NOTES TO CONSOLIDATED FINANCIAL STATEMENTS
(Unaudited)
A. The accompanying unaudited condensed consolidated financial
statements have been prepared in accordance with the
instructions to Form 10-QSB and, accordingly, do not include
all information and footnotes required by generally accepted
accounting principles for complete financial statements. In
the opinion of management all adjustments, consisting only
of normal recurring accruals, considered necessary for a
fair presentation have been included.
B. These statements should be read in conjunction with the
financial statements and footnotes included in the
Registrant's Annual Report on Form 10-KSB for the year ended
June 30, 1996, previously filed with the Commission.

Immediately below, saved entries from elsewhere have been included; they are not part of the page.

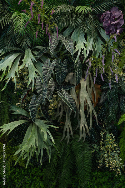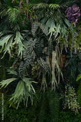 Tropical green leaves background, Nature Wall Lush Foliage Leaf Texture, Vertical image.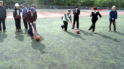 赛场上老干部们个个充满动力、热情高涨,比赛场面热烈和谐,活动妙趣横生。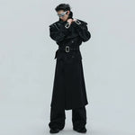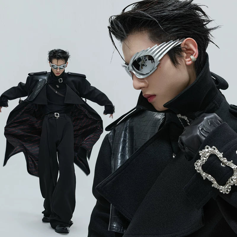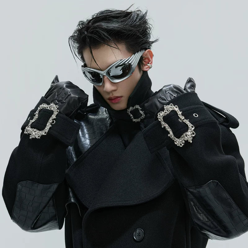 Crocodile-Patterned Wool Long Trench Coat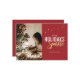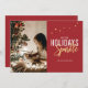 Må din semester glänsa julkort med falskt glitter skript typ och halv sidas foto. Röd bakgrund med glitterstjärnor.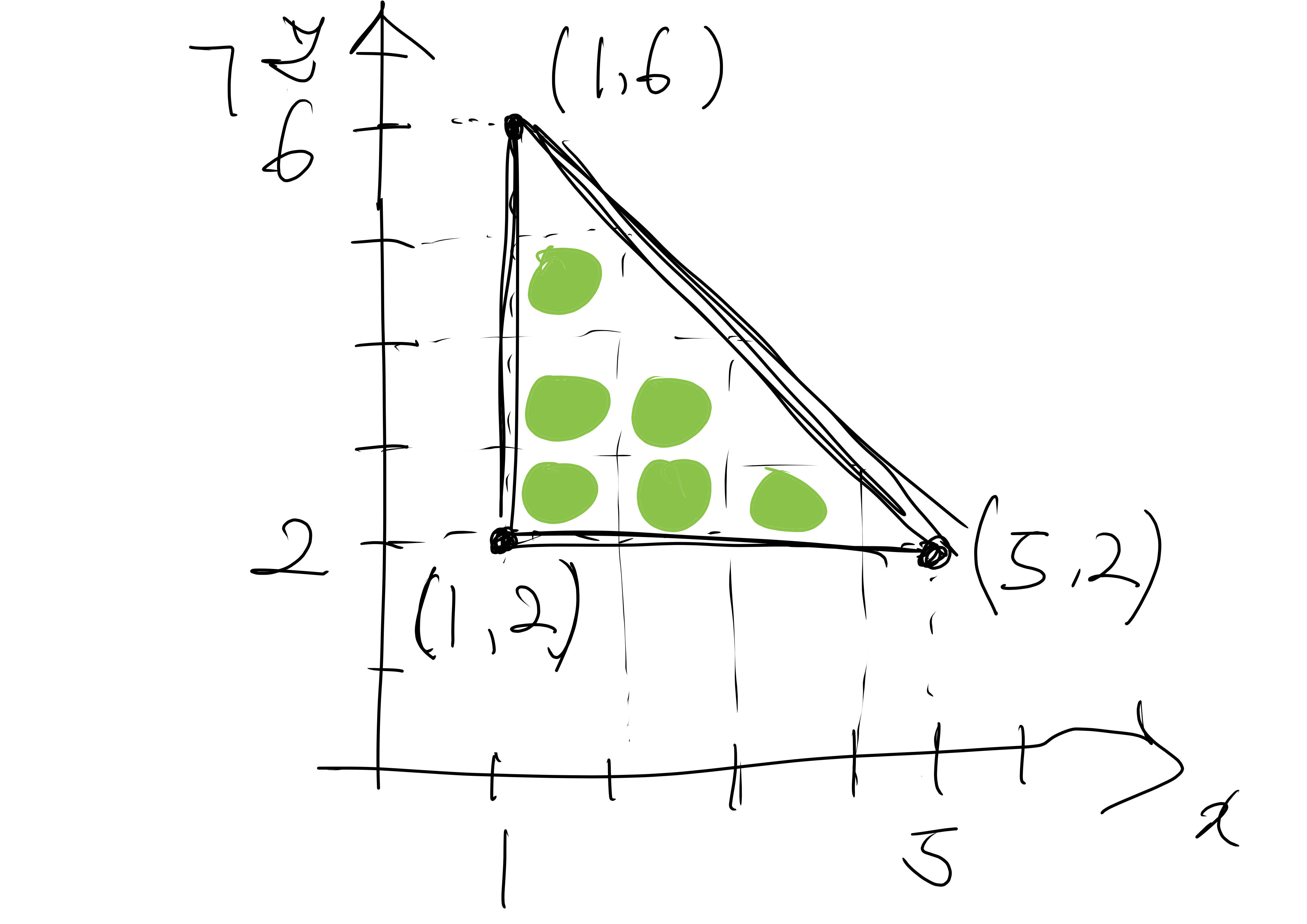 Texture coordinates 상에선 (1, 6) = (0, 1) / (1, 2) = (0, 0) / (5, 2) = (1, 0)이 됩니다. 이때 가장 좌측 하단의 fragment의 TC 상의 좌표는 (0.125, 0.125)입니다. 어느 한 점을 (0, 0)으로 잡고 상대적인 좌표를 만드는 것입니다.

C. The results of operations for the nine months ended March
31, 1997, are not necessarily indicative of operating
results to be expected for the full year.
D. Income tax provisions for interim periods are based on the
current best estimate of the effective federal and state
income tax rates spread evenly throughout the year.

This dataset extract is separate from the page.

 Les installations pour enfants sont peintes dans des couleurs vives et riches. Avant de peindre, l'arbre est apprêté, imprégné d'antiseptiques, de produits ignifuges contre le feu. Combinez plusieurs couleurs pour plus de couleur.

E. Earnings per common share are based on the weighted average
number of common shares outstanding during each period.
PART I - FINANCIAL INFORMATION FORM 10-QSB
ITEM 2 - MANAGEMENT DISCUSSION AND ANALYSIS OF
FINANCIAL CONDITION AND RESULTS OF OPERATIONS
OAKRIDGE HOLDINGS, INC.
FINANCIAL & LIQUIDITY AND CAPITAL RESOURCES
Since June 30, 1996 "operating working capital" (defined as
receivables and prepaids less accounts payable and accrued
liabilities, except for deferred revenue) increased $34,418.
Lower receivables and other assets were more than offset by lower
accounts payable and accrued salaries for the increase. The
company showed a slight decrease in accounts receivable due to
decreased sales in internment fees and auxiliary related items.
The decrease in accrued liabilities is primarily due to lower
accrued salaries and payroll taxes, is primarily due to timing of
payment. The decrease in accounts payable is primarily due to
increased cash flow.
Inventory decreased $1,804 from June 30, 1996 primarily due
to lot sales, with an increase in markers, urns and flower
inventory.
Other assets and prepaids increased $816 from June 30, 1996
primarily due to prepayment for insurance, training and related
costs which was offset due to one time write off of loan
amortization fees. Deferred taxes decreased $39,444 due to net
income earned during the nine months. Investments remained
unchanged during the nine month period.
Notes payable decreased $76,436 from June 30, 1996 due to
the payment on the debt.
Stockholders' equity increased $106,310 from June 30, 1996
due to net income for the nine month period.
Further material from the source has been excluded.